От дома до школы было метров 300, это два двора или три перекрестка, если по дороге. Отец с сыном шли молча в прохладной, освежающей, бедно-голубой тени утра, это было еще не утро, но уже и не ночь. Игорь курил на ходу, размышляя о вчерашнем, случайно загубленном в стенах дознавательского управления, молодом федерале. Его сын Вася, нахлобученный тяжелым ранцем, возможно, волновался по поводу встречи с директором. Они пришли одни из первых в школу. Школьник указал на директорский кабинет. Дознаватель подтолкнул младшего к двери и открыл. В приемной, которая отделяла кабинет директора от коридора сидела обычно секретарша-методистка. Так рано она на рабочее место не приходила почти никогда, поэтому приемная была пуста, а дверь директорского кабинета приоткрыта. Судя по шуму, директриса сама недавно пришла на работу, стол ее был пуст, а из угла, где размещался шкаф, слышался перезвон вешалок и стук каблуков. Игорь просунулся в приоткрытую дверь, представился. Директриса немедленно пригласила их войти и сесть, сама, скоро уложив волосы перед зеркалом, заняла место в удобном кожаном кресле.
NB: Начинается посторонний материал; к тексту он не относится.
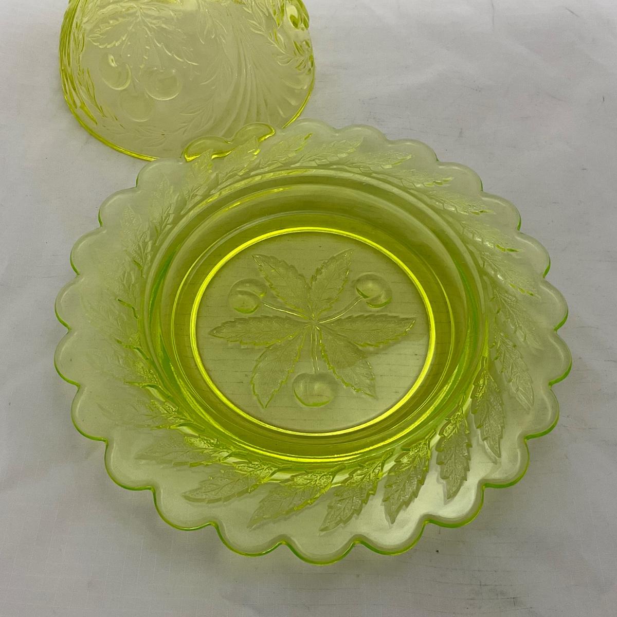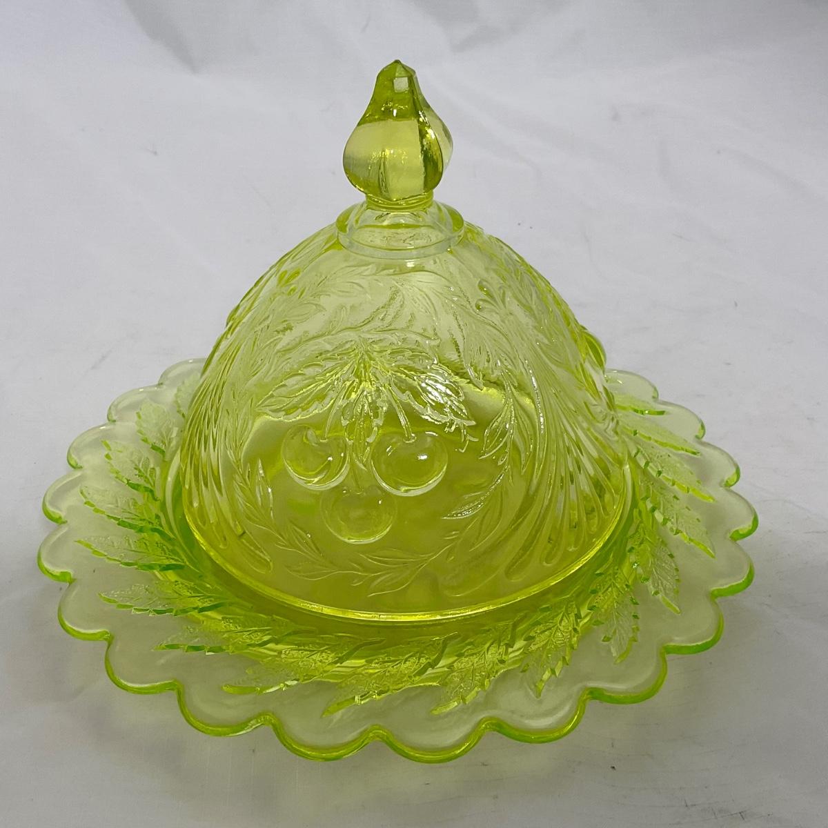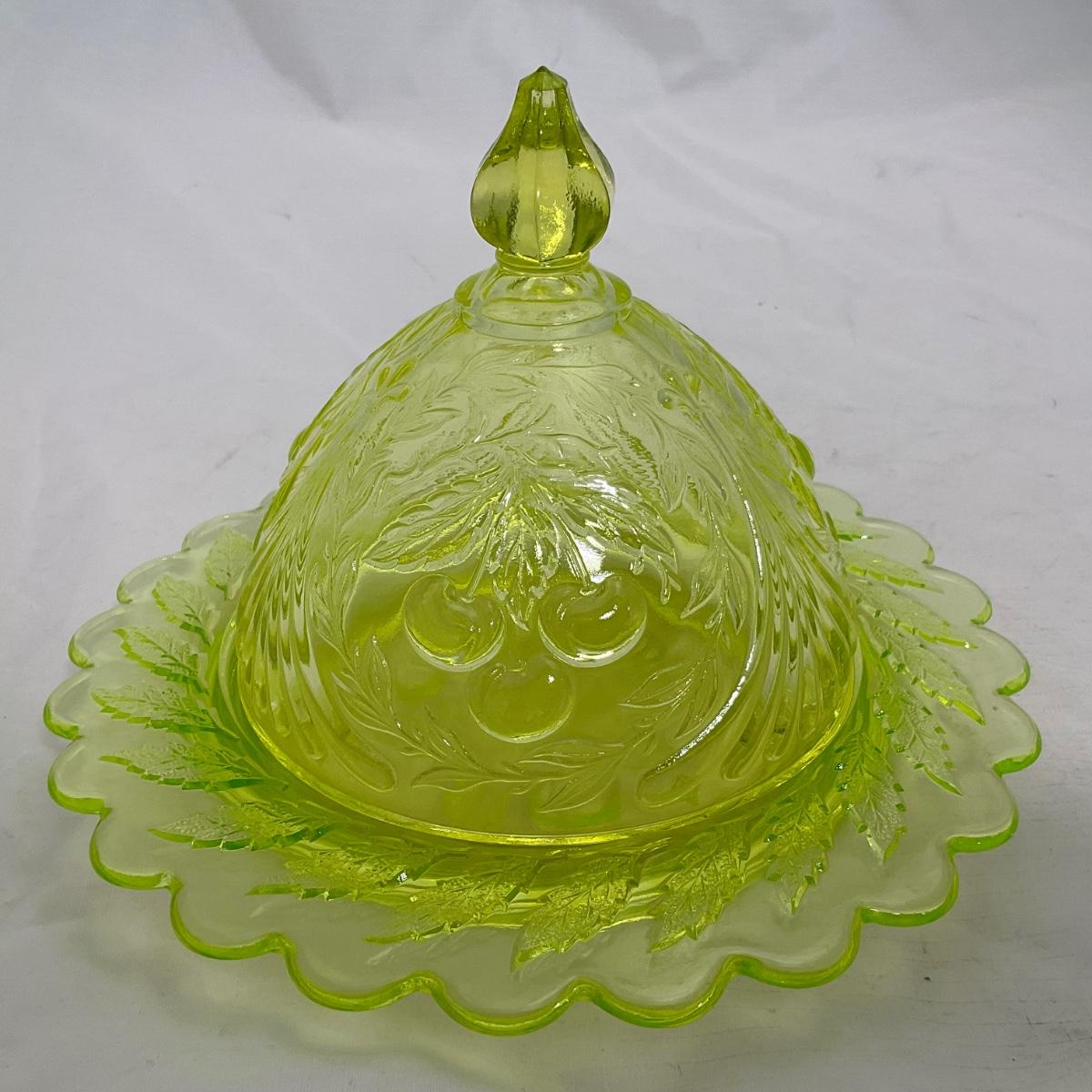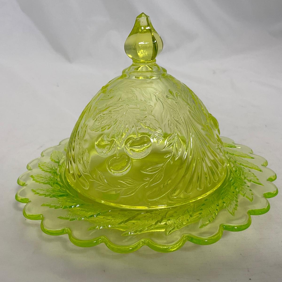 -3- Yellow Vaseline Covered Butter Dish | Cherries Pattern | Uranium Glass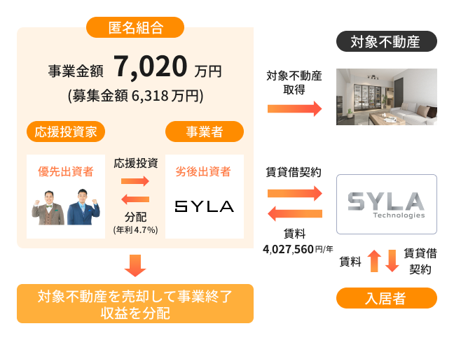 “応援を新しいカタチで”をコンセプトに、一口1万円から、社会貢献や地域創生、誰かの夢や挑戦に繋がる不動産に応援投資ができる“応援型不動産クラウドファンディングプラットフォーム”です。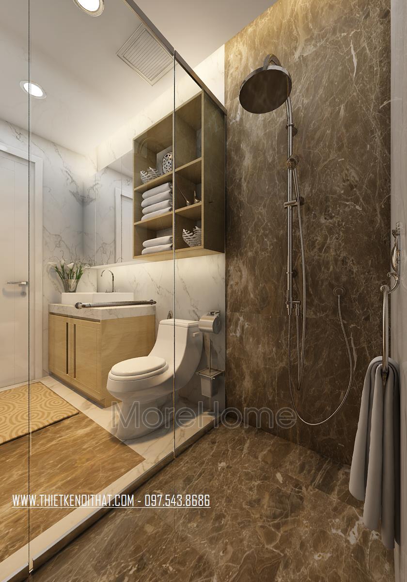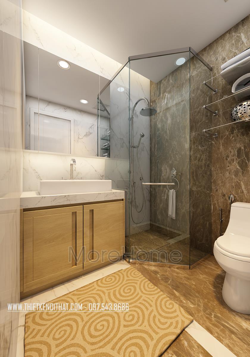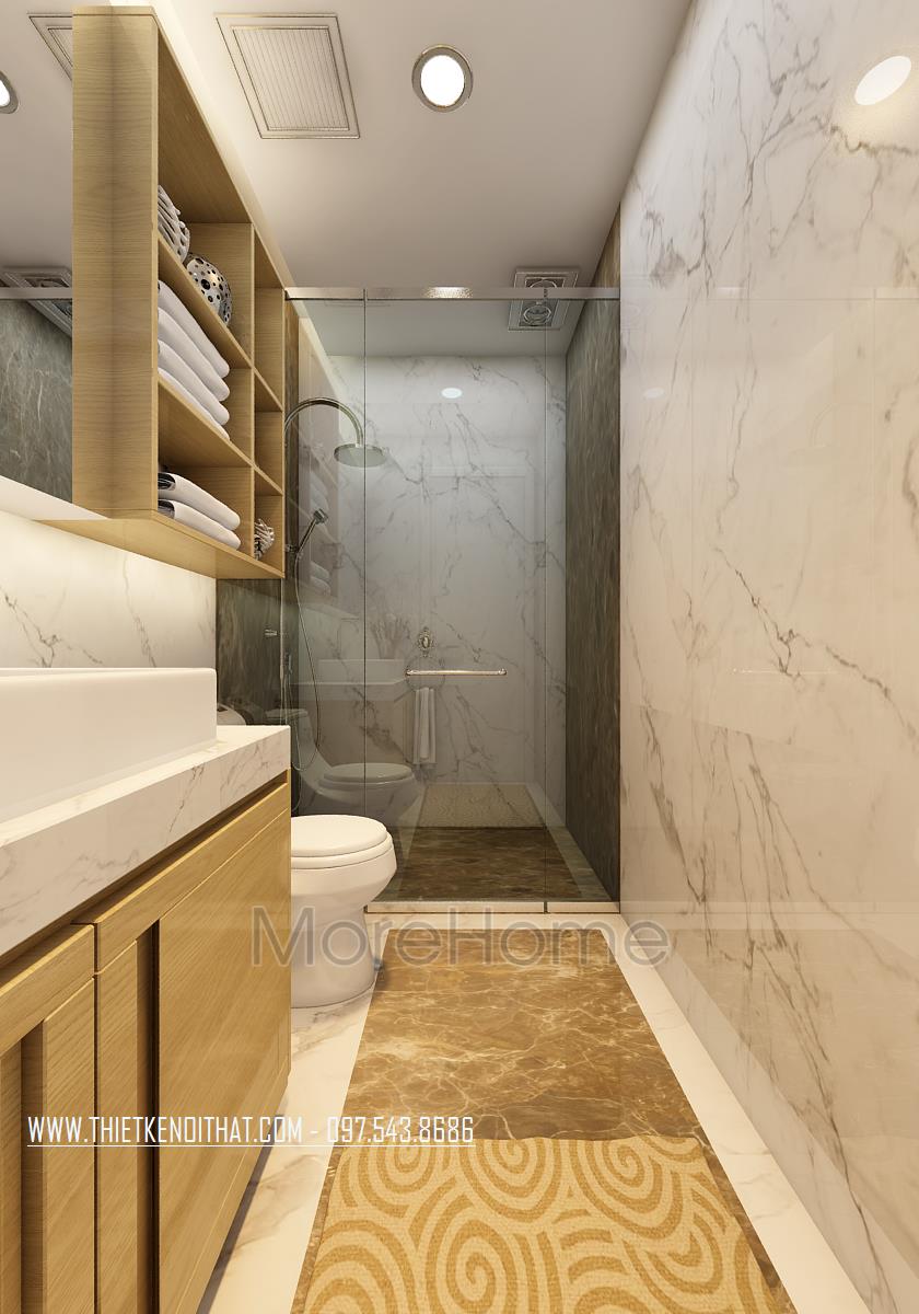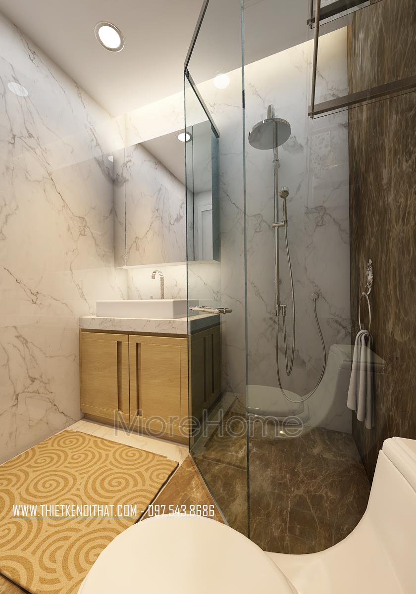 Cuối cùng là không gian thiết kế nội thất phòng tắm hiện đại. Thiết kế khá thu hút bởi kiến trúc sư đã sử dụng các vật liệu mát như đá tự nhiên và kính cường lực. Các vật liệu này là mấu chốt giúp mang lại một không gian thoáng và thư giãn cho căn phòng hẹp này. Độ phản chiếu nhẹ nhàng từ kính và gương giúp mang lại cảm giác cơi nới cho căn phòng, xóa tan sự bí bách, khó chịu.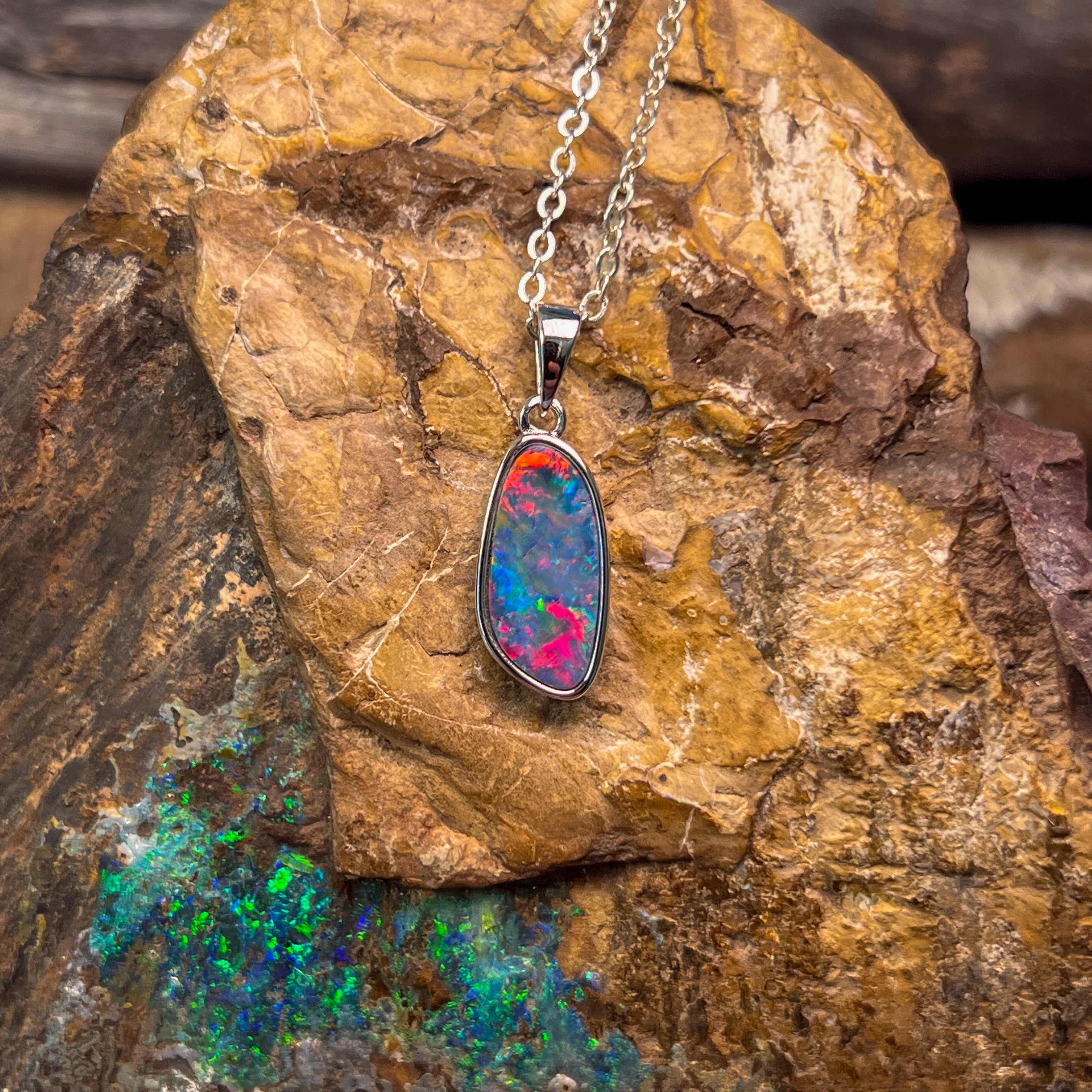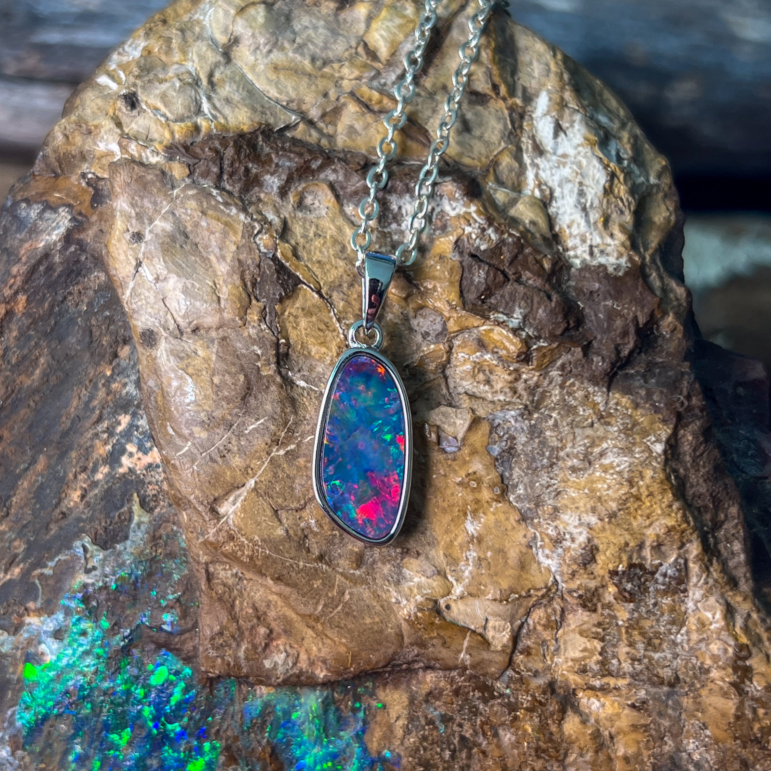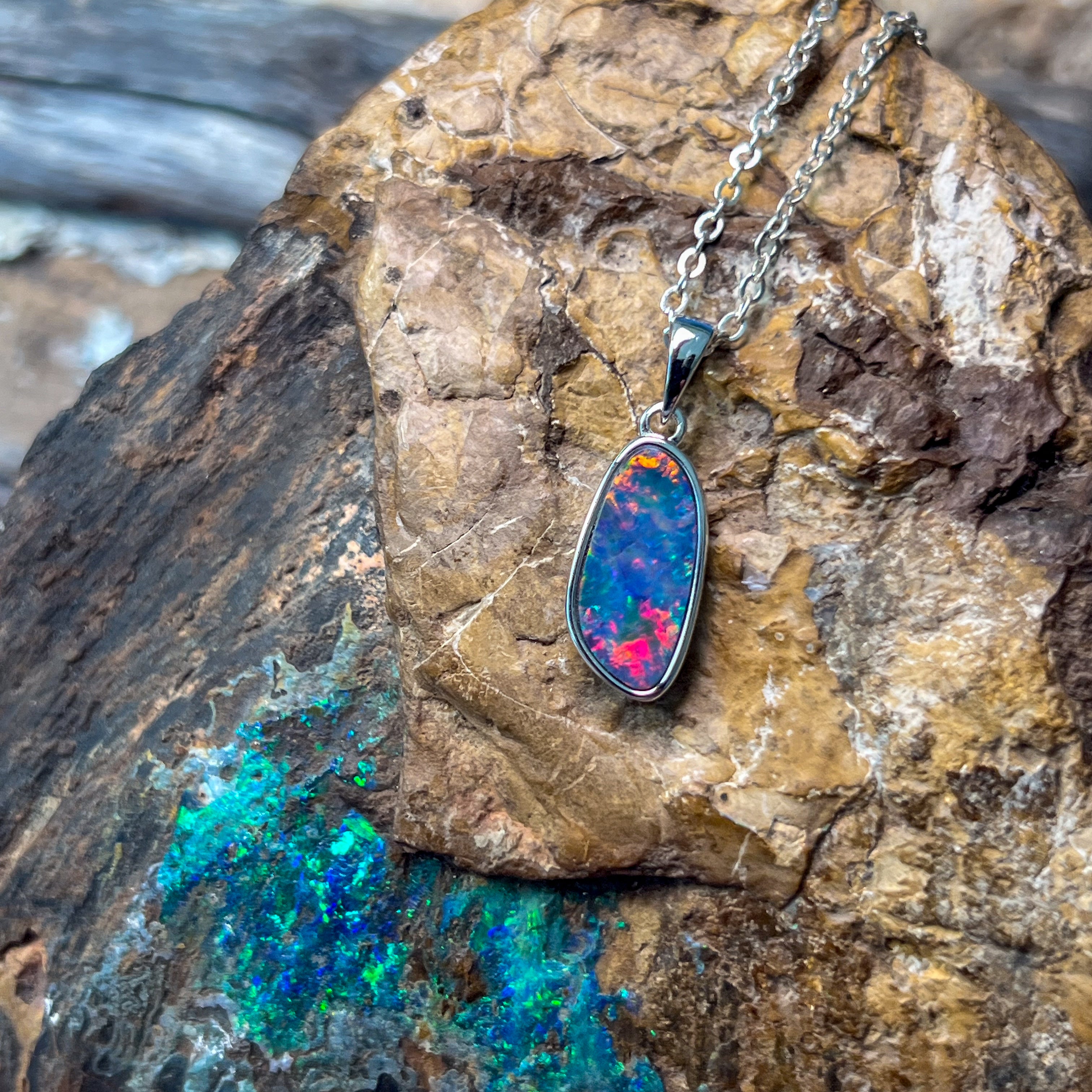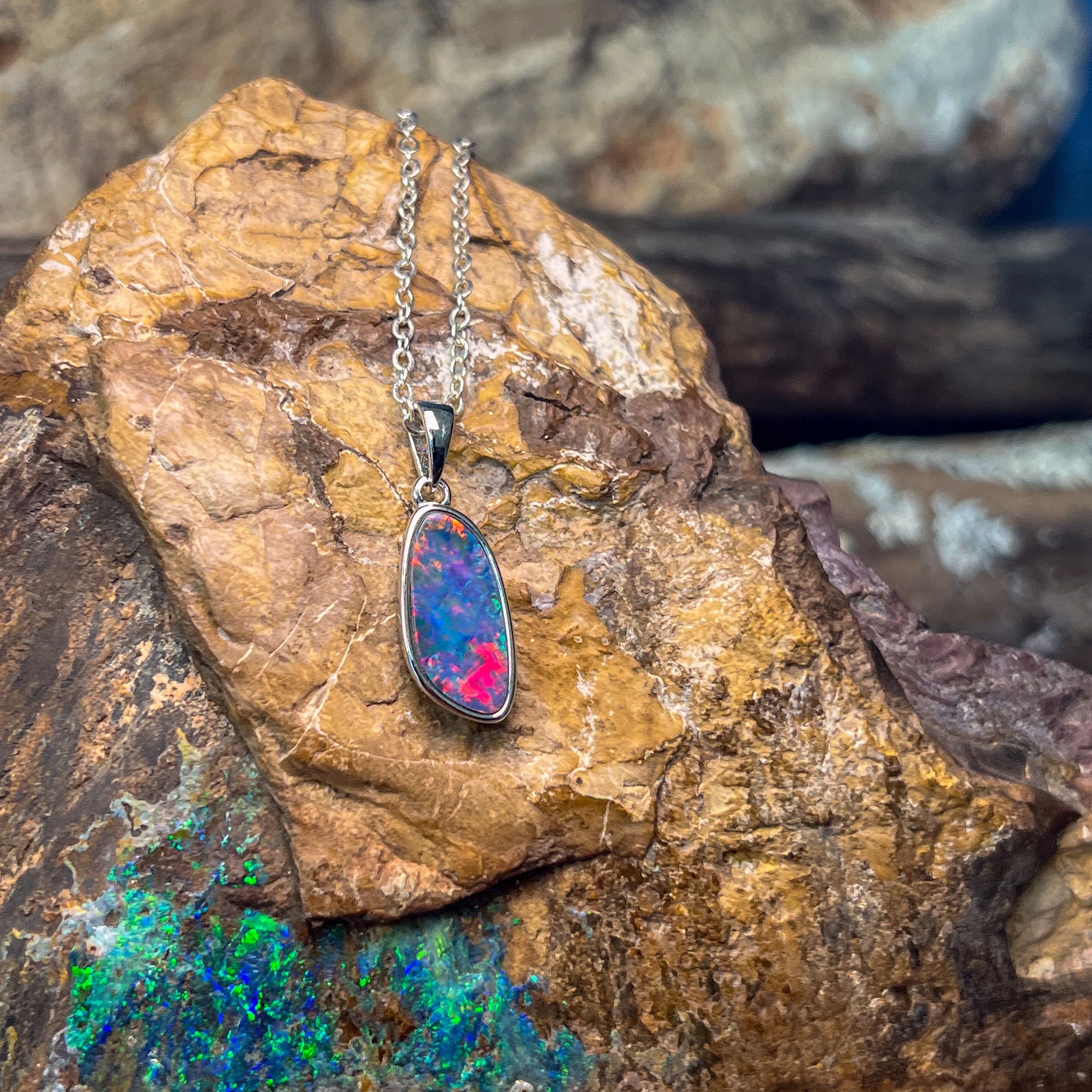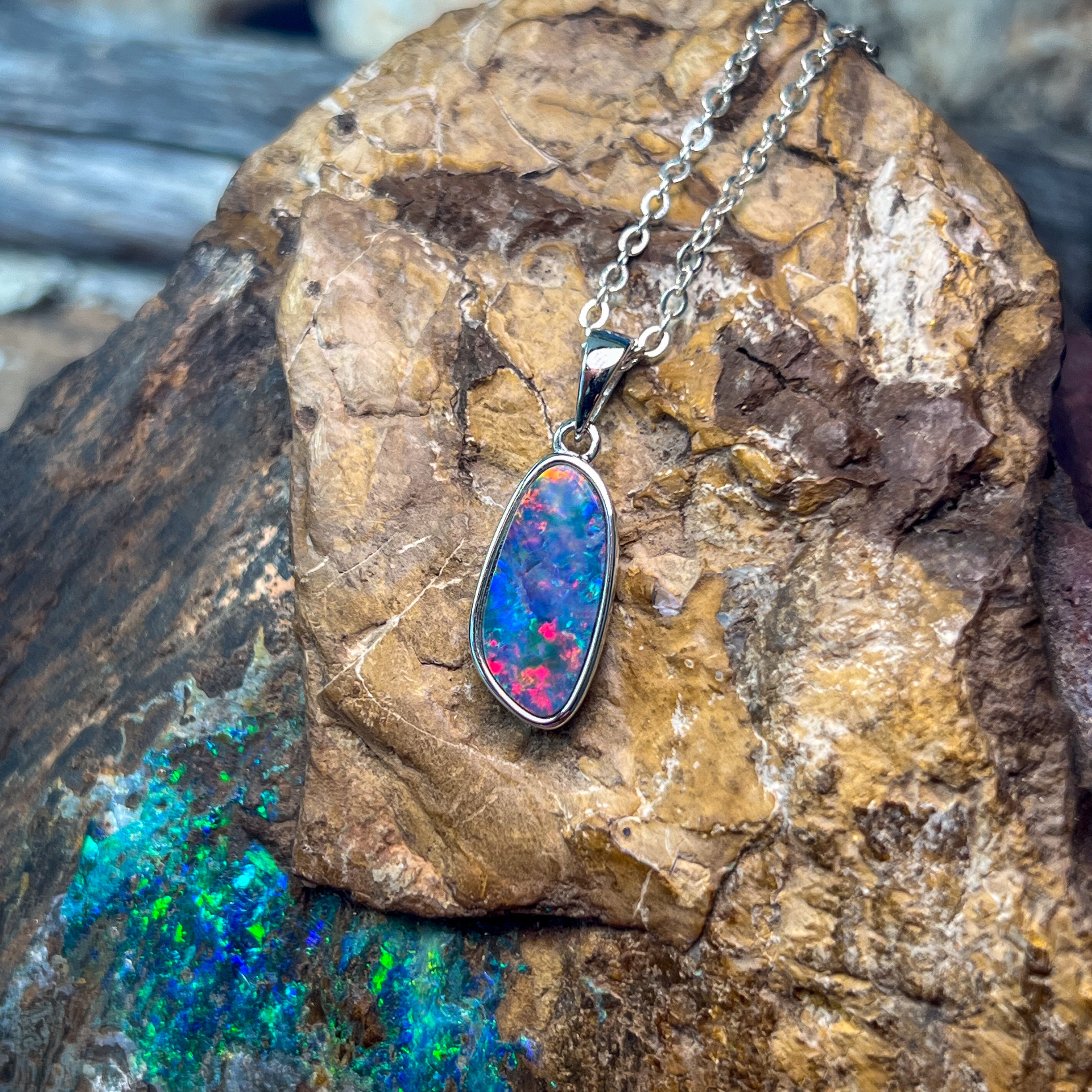 Elevate your collection with this sterling silver pendant featuring a bezel-set red and blue opal doublet. The vibrant play of colour in the opal creates a striking contrast, showcasing fiery reds and deep blues that catch the light beautifully. Expertly crafted, this pendant offers both durability and elegance, making it a refined choice for those who appreciate the unique allure of opal jewellery. Perfect for adding a sophisticated splash of colour to any outfit.

- Хорошо, что, Игорь Иванович, вы пришли. Мне хотелось именно с вами поговорить о Васе, - нежно заговорила директриса. Была она немолодая, строго оформленная женщина. Широкие очки в черной оправе идеально дополняли туго натянутое на затылок лицо, которое заканчивалось собранными в беличий хвост волосами. Строгость костюма шло ее круглому женскому телу с закостеневшей осанкой пианистки, и губам тонким, полными безразличия ко всему человеческому.
- У Васи в последнее время плохо с успеваемостью, - открыла она толстый широкий журнал когтистыми сухими пальцами с черным лаком на ноготках. - Прошлую четверть он учился намного лучше. Сегодня я хотела бы понять, что мешает, Вася, тебе относиться чуточку серьезнее к твоему обучению в нашей школе. Игорь Иванович, вы помогаете сыну с уроками? Проверяете домашнее задание?
- Конечно. Либо я, либо жена. Всегда, - Игорь чувствовал себя неуютно в кабинете директора. Он мог стойко выносить разносы своих начальников, командиров, но оказываясь в школе, его будто сковывала та самая подлая цепь отчаяния, которая знакома всем клиентам дознавательского кабинета, всем преступникам, прошедшем через его чугунные ухваты.
- Вася, скажи нам, тебе что-то или может быть кто-то дома, из класса мешает учиться? - перекинулась с отца на сына директриса.
- Нет, - скучно пробубнил школьник, разглядывая центр земного шара, который предположительно был где-то под столом.
- Видите, - призывала директриса отца поглядеть на удивительного ребенка. - Никогда ни слово не скажет. А потом у нас возникают конфликты с учителями. Да, Вася? Мы поднимаем руку на взрослого человека. Не просто человека, на своего учителя. Вам Вася рассказал о своем вчерашнем поступке?
- Рассказал.
- У нас, скажу вам, такого раньше не было. Не стану врать, что все в школе у нас спокойные, послушные дети. Есть и хулиганы. Да, есть. Мы с ними работаем. С ними работает психолог. Но чтобы ученик ударил своего преподавателя прямо на уроке. Такой дикости у нас еще не было.
- А вы знаете, почему он это сделал?
- Знаю. А вы?
- Я? Я не знаю.
- Разве ваш сын вам ничего не рассказал? А впрочем, ничего удивительного, - она скривила и без того кривые губки, набрала быстро короткий номер и вызвала по телефону преподавателя в кабинет. - Сейчас он сам все расскажет... Это плохо, Игорь Иванович, что ваш сын с вами ничем не делится. Это говорит о том, что вы очень далеки друг от друга. Вы ведь в милиции работаете, насколько я знаю?
- В федеральном розыске.
- Значит, тем более вы должны знать хорошо, что такое воспитание, как важно поддерживать связь между воспитуемым и воспитателем. Вы должны своим примером показывать сыну пример. Вы брали сына на работу хоть раз?
- Нет.
- А зря. У вас же героическая профессия, на вас должны дети равняться. У нас скоро будет урок посвященный профессиям. Вы бы могли прийти и рассказать нашим ученикам про свою работу. Думаю, для детей это будет полезно.